DATA:
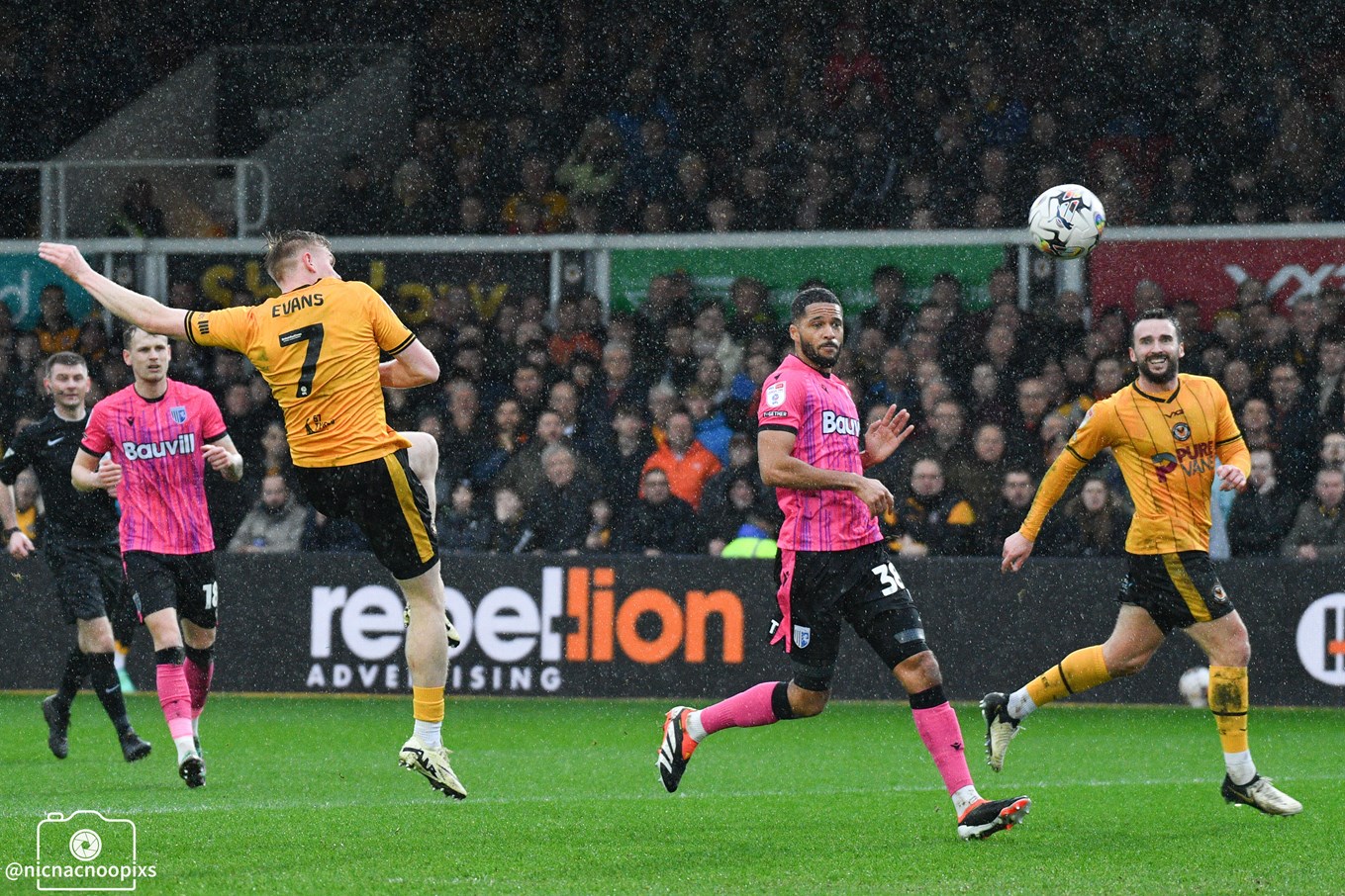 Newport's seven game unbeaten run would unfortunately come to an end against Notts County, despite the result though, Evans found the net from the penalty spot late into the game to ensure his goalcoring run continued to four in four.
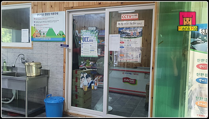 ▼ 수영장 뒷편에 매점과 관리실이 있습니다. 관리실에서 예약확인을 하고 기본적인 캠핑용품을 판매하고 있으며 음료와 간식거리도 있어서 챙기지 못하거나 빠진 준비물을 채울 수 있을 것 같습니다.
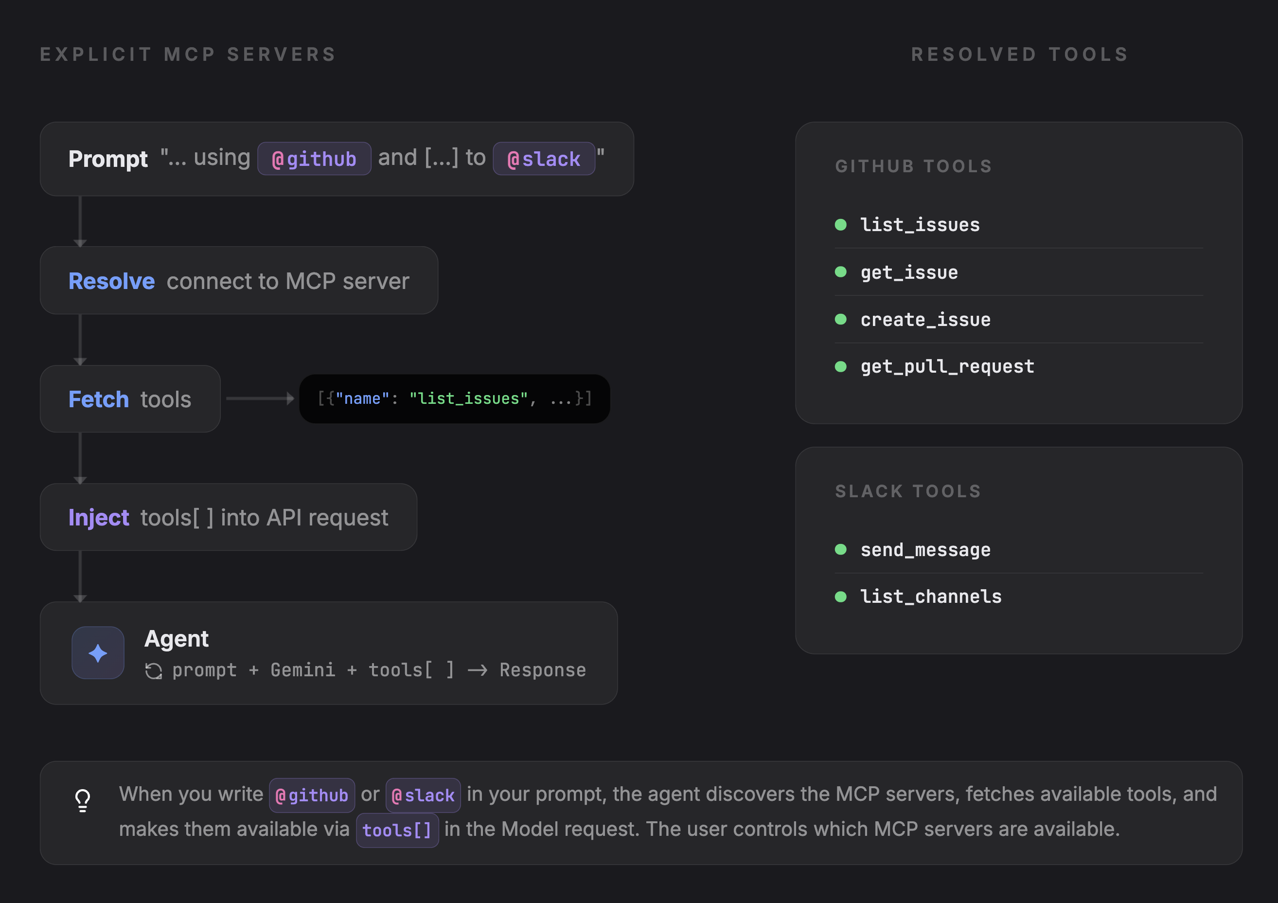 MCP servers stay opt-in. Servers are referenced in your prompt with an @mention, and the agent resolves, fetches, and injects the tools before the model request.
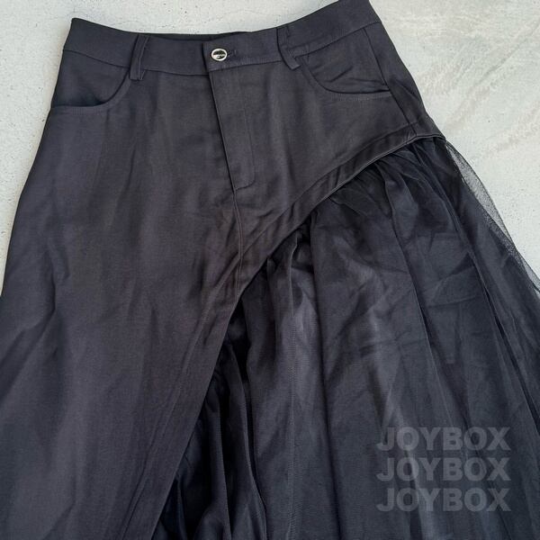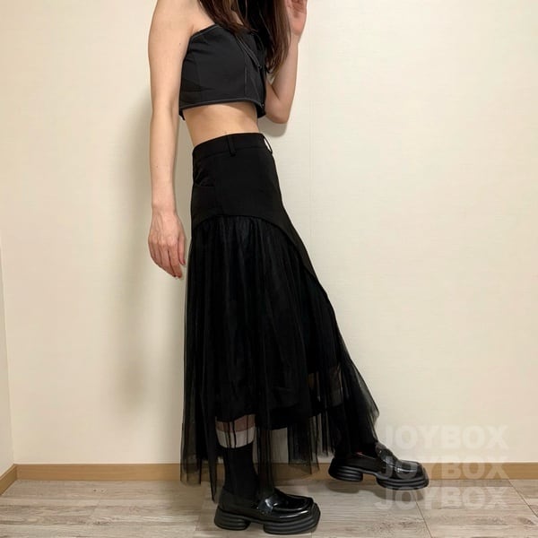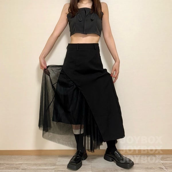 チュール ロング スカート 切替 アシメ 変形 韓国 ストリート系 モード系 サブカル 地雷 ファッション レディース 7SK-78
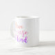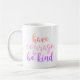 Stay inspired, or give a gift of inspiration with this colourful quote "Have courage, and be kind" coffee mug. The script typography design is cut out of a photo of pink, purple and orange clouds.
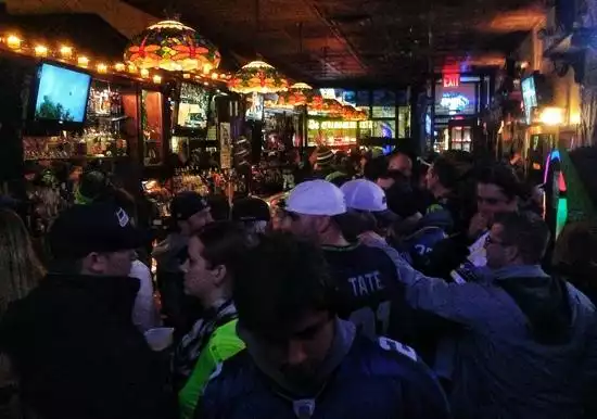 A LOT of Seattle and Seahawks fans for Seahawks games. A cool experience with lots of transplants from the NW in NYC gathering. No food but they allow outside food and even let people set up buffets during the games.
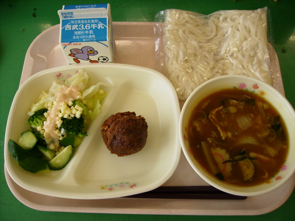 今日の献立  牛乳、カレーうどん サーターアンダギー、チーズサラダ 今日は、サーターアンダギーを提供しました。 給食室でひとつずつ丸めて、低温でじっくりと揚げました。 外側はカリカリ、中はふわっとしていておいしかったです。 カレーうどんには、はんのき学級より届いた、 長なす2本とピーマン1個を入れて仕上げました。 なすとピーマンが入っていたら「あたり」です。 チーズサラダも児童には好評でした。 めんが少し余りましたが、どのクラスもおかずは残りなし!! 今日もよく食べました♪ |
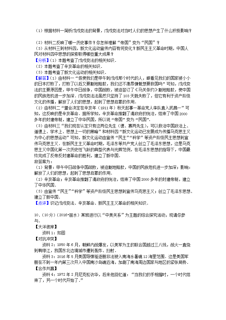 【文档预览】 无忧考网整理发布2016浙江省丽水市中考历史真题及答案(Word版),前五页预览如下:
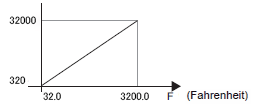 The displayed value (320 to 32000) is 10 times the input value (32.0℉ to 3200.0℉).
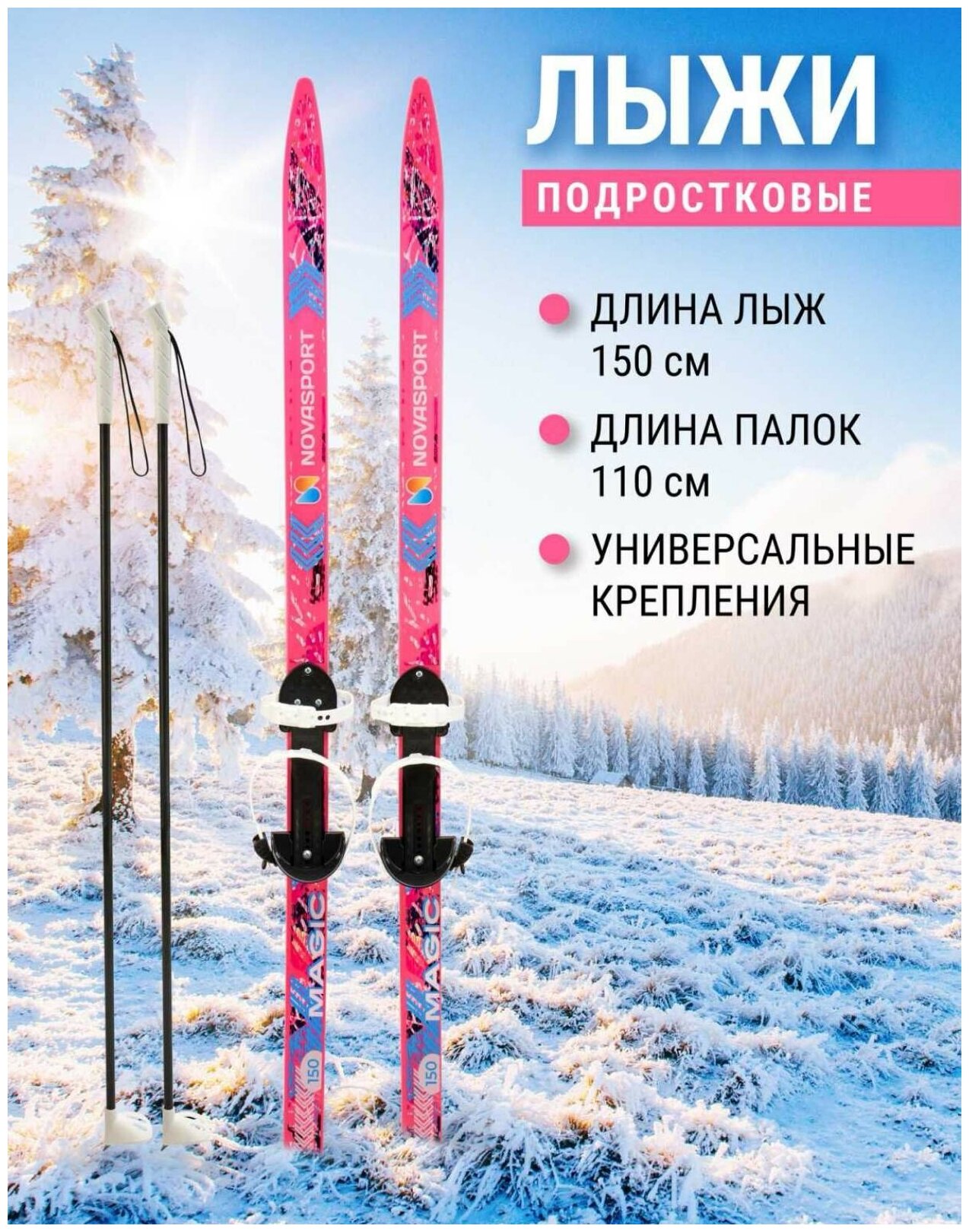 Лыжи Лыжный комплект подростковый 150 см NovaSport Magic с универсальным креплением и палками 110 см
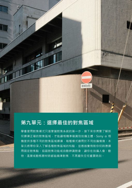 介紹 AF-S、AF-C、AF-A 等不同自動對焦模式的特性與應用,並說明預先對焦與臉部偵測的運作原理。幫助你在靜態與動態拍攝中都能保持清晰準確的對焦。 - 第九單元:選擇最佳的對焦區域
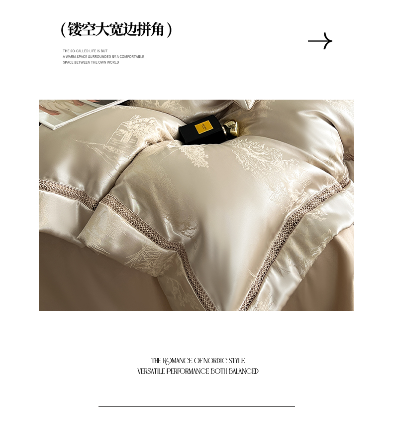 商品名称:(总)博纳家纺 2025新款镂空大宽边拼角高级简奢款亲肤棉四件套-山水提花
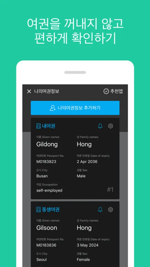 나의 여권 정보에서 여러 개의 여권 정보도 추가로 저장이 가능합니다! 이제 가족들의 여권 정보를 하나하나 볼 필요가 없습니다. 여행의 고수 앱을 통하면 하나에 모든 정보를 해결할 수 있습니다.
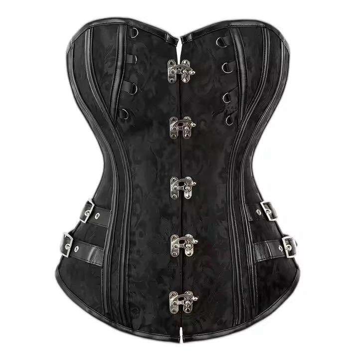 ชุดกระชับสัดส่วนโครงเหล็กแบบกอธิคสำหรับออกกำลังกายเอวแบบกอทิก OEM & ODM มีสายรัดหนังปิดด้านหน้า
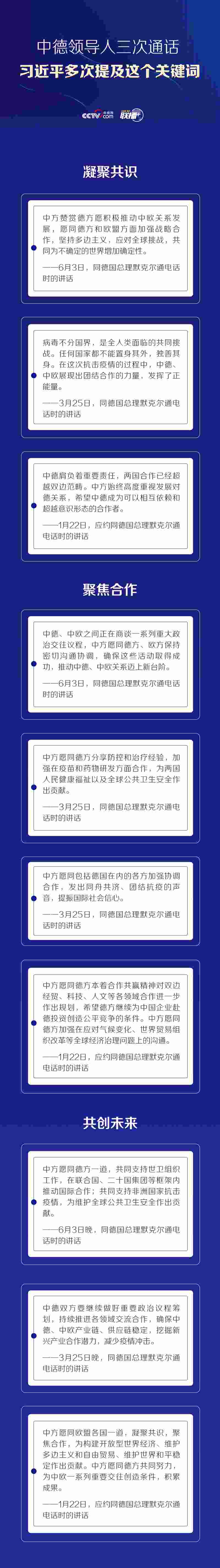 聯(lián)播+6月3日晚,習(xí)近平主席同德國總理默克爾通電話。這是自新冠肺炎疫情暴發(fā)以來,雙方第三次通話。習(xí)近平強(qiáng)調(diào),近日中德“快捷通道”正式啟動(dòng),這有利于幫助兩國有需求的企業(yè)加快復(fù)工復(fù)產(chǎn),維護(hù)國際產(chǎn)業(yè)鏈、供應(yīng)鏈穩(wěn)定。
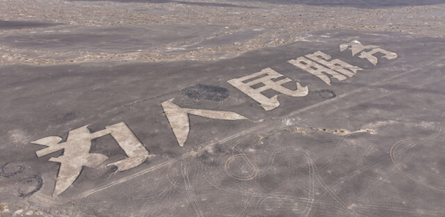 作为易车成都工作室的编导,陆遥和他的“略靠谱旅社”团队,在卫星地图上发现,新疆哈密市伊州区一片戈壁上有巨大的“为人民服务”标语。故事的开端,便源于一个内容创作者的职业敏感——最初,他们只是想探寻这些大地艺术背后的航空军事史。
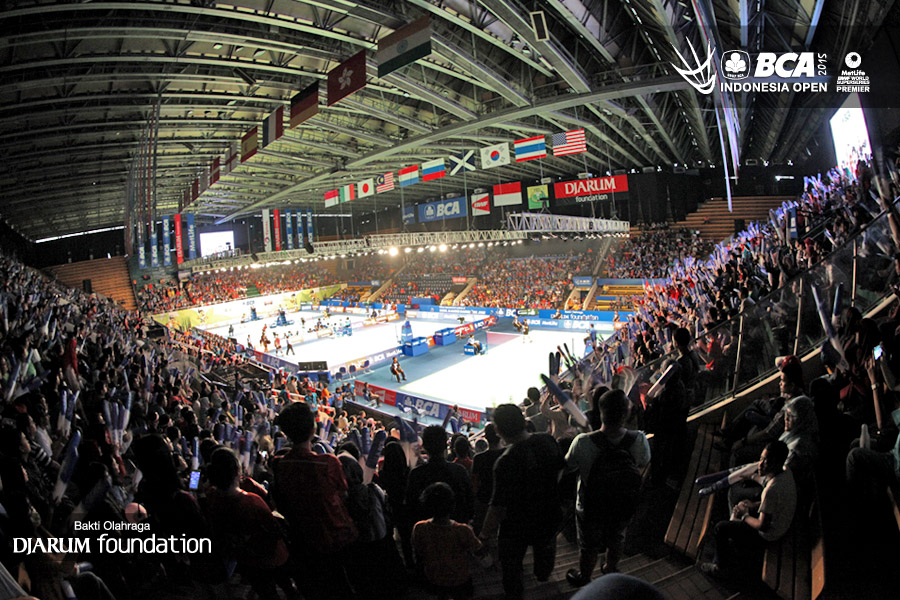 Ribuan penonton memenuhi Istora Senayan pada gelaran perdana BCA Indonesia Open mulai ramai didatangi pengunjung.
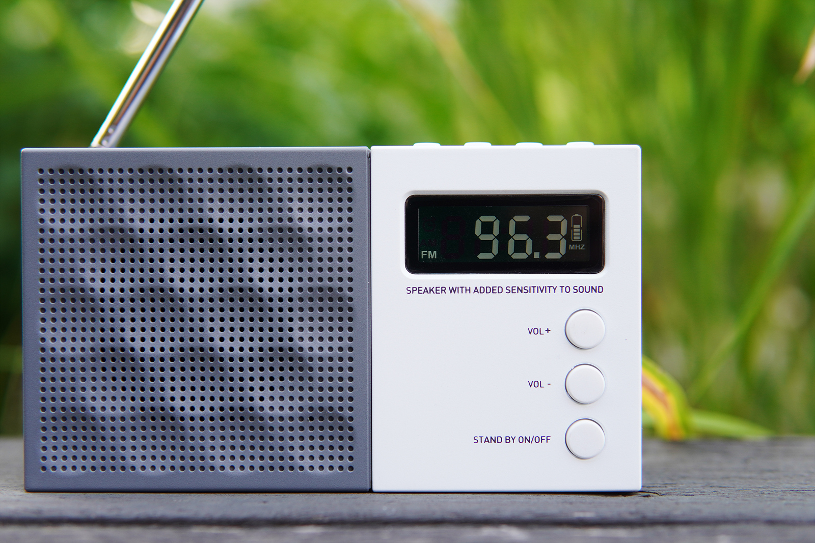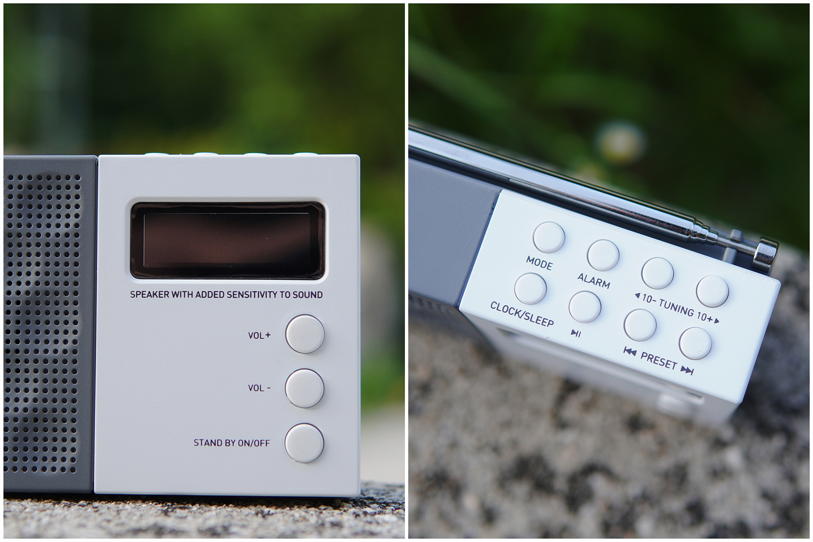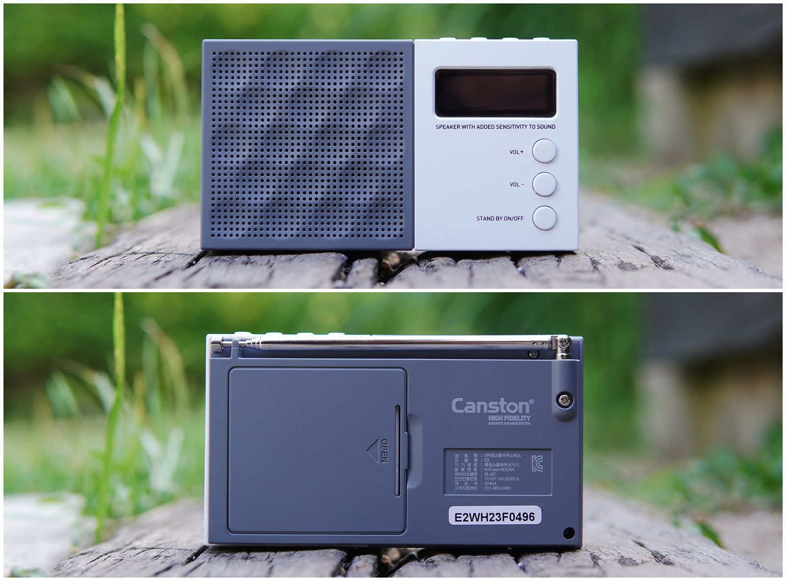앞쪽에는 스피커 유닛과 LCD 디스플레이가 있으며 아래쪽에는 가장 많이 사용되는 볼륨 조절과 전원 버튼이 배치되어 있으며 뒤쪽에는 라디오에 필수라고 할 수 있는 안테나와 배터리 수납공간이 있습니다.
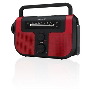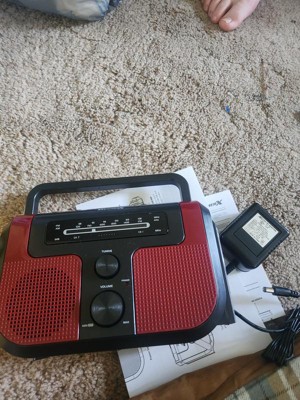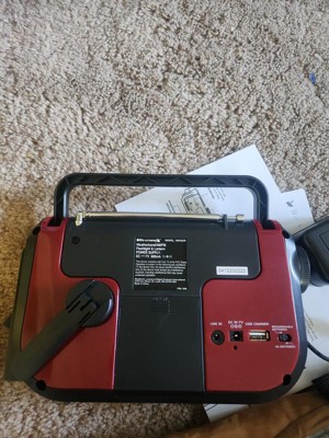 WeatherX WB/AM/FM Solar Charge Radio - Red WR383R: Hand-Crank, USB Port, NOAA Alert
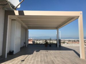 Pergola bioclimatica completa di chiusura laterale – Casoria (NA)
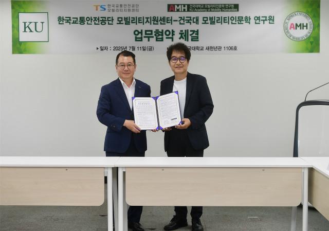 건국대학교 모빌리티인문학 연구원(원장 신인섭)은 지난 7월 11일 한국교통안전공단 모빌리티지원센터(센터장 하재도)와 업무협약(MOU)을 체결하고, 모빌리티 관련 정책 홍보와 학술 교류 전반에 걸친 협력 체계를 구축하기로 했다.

ACTION ITEM: Reproduce, without alteration and without pictures, only those lines that lie between the first line of the entries above and the line containing "A LOT of Seattle", both of them included.

ANSWER:
 Newport's seven game unbeaten run would unfortunately come to an end against Notts County, despite the result though, Evans found the net from the penalty spot late into the game to ensure his goalcoring run continued to four in four.
 ▼ 수영장 뒷편에 매점과 관리실이 있습니다. 관리실에서 예약확인을 하고 기본적인 캠핑용품을 판매하고 있으며 음료와 간식거리도 있어서 챙기지 못하거나 빠진 준비물을 채울 수 있을 것 같습니다.
 MCP servers stay opt-in. Servers are referenced in your prompt with an @mention, and the agent resolves, fetches, and injects the tools before the model request.
 チュール ロング スカート 切替 アシメ 変形 韓国 ストリート系 モード系 サブカル 地雷 ファッション レディース 7SK-78
 Stay inspired, or give a gift of inspiration with this colourful quote "Have courage, and be kind" coffee mug. The script typography design is cut out of a photo of pink, purple and orange clouds.
 A LOT of Seattle and Seahawks fans for Seahawks games. A cool experience with lots of transplants from the NW in NYC gathering. No food but they allow outside food and even let people set up buffets during the games.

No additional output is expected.